Recombinase polymerase amplification (RPA) is a molecular biology technique used to rapidly amplify specific DNA or RNA sequences under isothermal conditions, meaning it does not require the temperature cycling typically associated with polymerase chain reaction (PCR). RPA is highly sensitive, specific, and can be performed using simple equipment, making it suitable for various applications in diagnostics, environmental monitoring, and research.
The basic principle of RPA involves the use of recombinase enzymes to facilitate the annealing of primers to target DNA or RNA sequences, followed by strand displacement DNA synthesis by a DNA polymerase enzyme. This process leads to the exponential amplification of the target sequence.

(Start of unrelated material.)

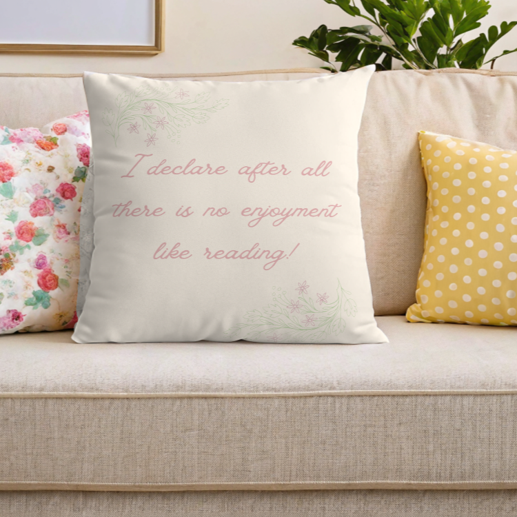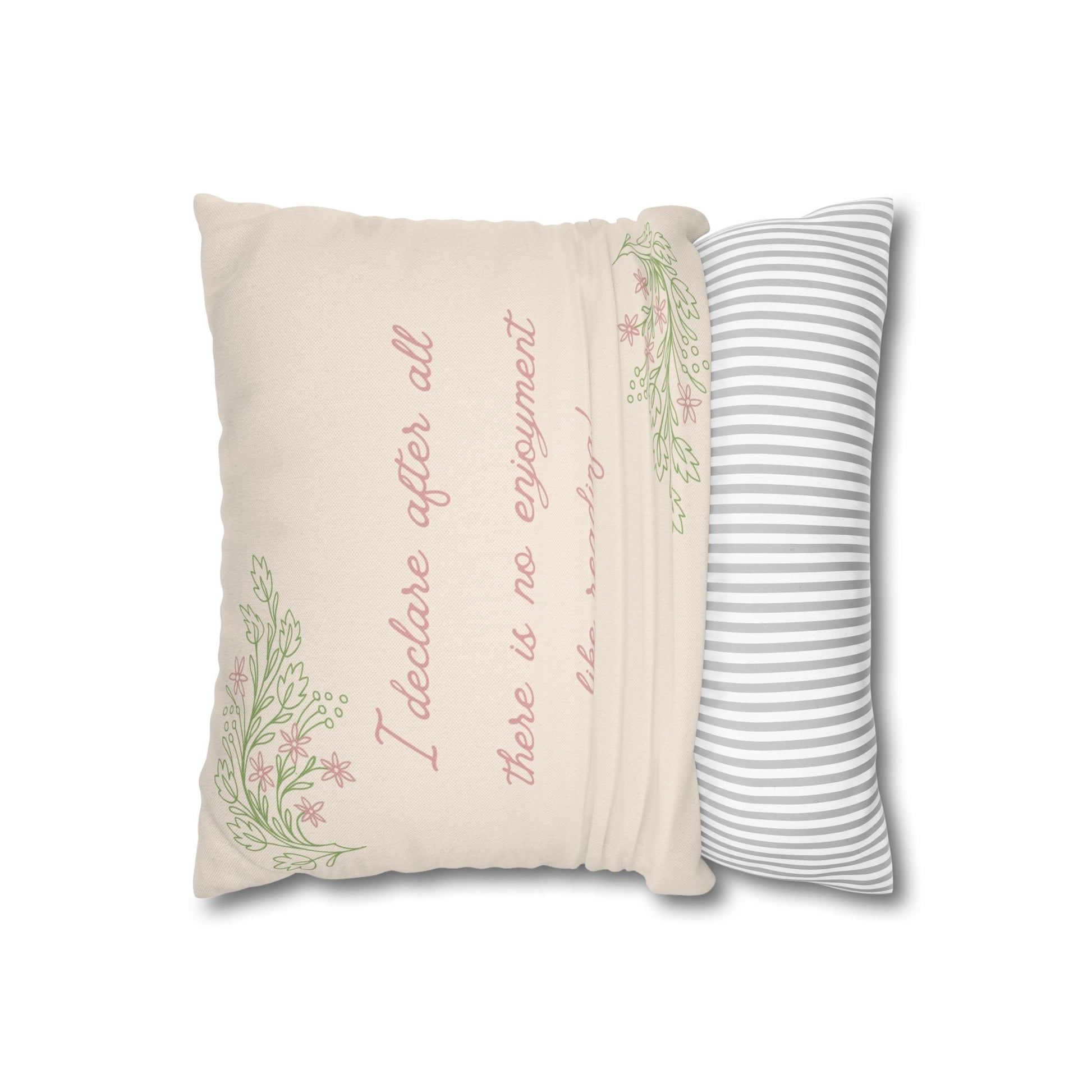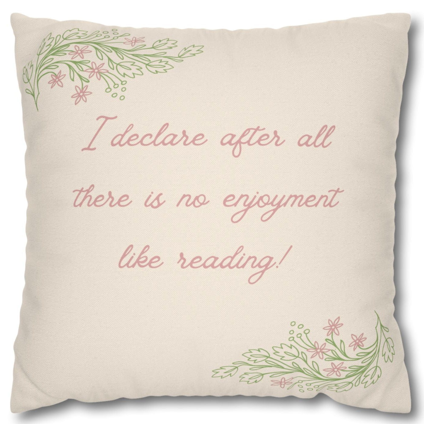 A pillowcase with a quote from Pride and Prejudice by Jane Austen, "I declare after all there is no enjoyment like reading!" Set against a design inspired by 18th-century floral embroidery in pastel colors. The back features a matching floral pattern, with the novel title and author printed in the corner. PILLOW NOT INCLUDED.

Key features of RPA include:
Isothermal amplification: RPA operates at a constant temperature (typically around 37-42°C), eliminating the need for thermal cycling equipment required by PCR.
Recombinase activity: Recombinase enzymes are used to facilitate primer annealing and strand exchange, enabling the amplification process to proceed efficiently.
Primer design: RPA primers are typically short (around 30-35 nucleotides) and designed to specifically bind to target sequences, similar to PCR primers.
Single-stranded DNA binding protein: RPA often utilizes single-stranded DNA binding proteins to stabilize the DNA strands during amplification, increasing the efficiency of the reaction.
Detection: Amplification products can be detected using various methods, such as real-time fluorescence detection, lateral flow strips, or gel electrophoresis.
RPA is particularly advantageous in scenarios where rapid and sensitive nucleic acid detection is required, such as point-of-care diagnostics for infectious diseases, field-based environmental monitoring, and rapid response to disease outbreaks. It has been adapted for use with a variety of sample types, including blood, saliva, urine, and environmental samples.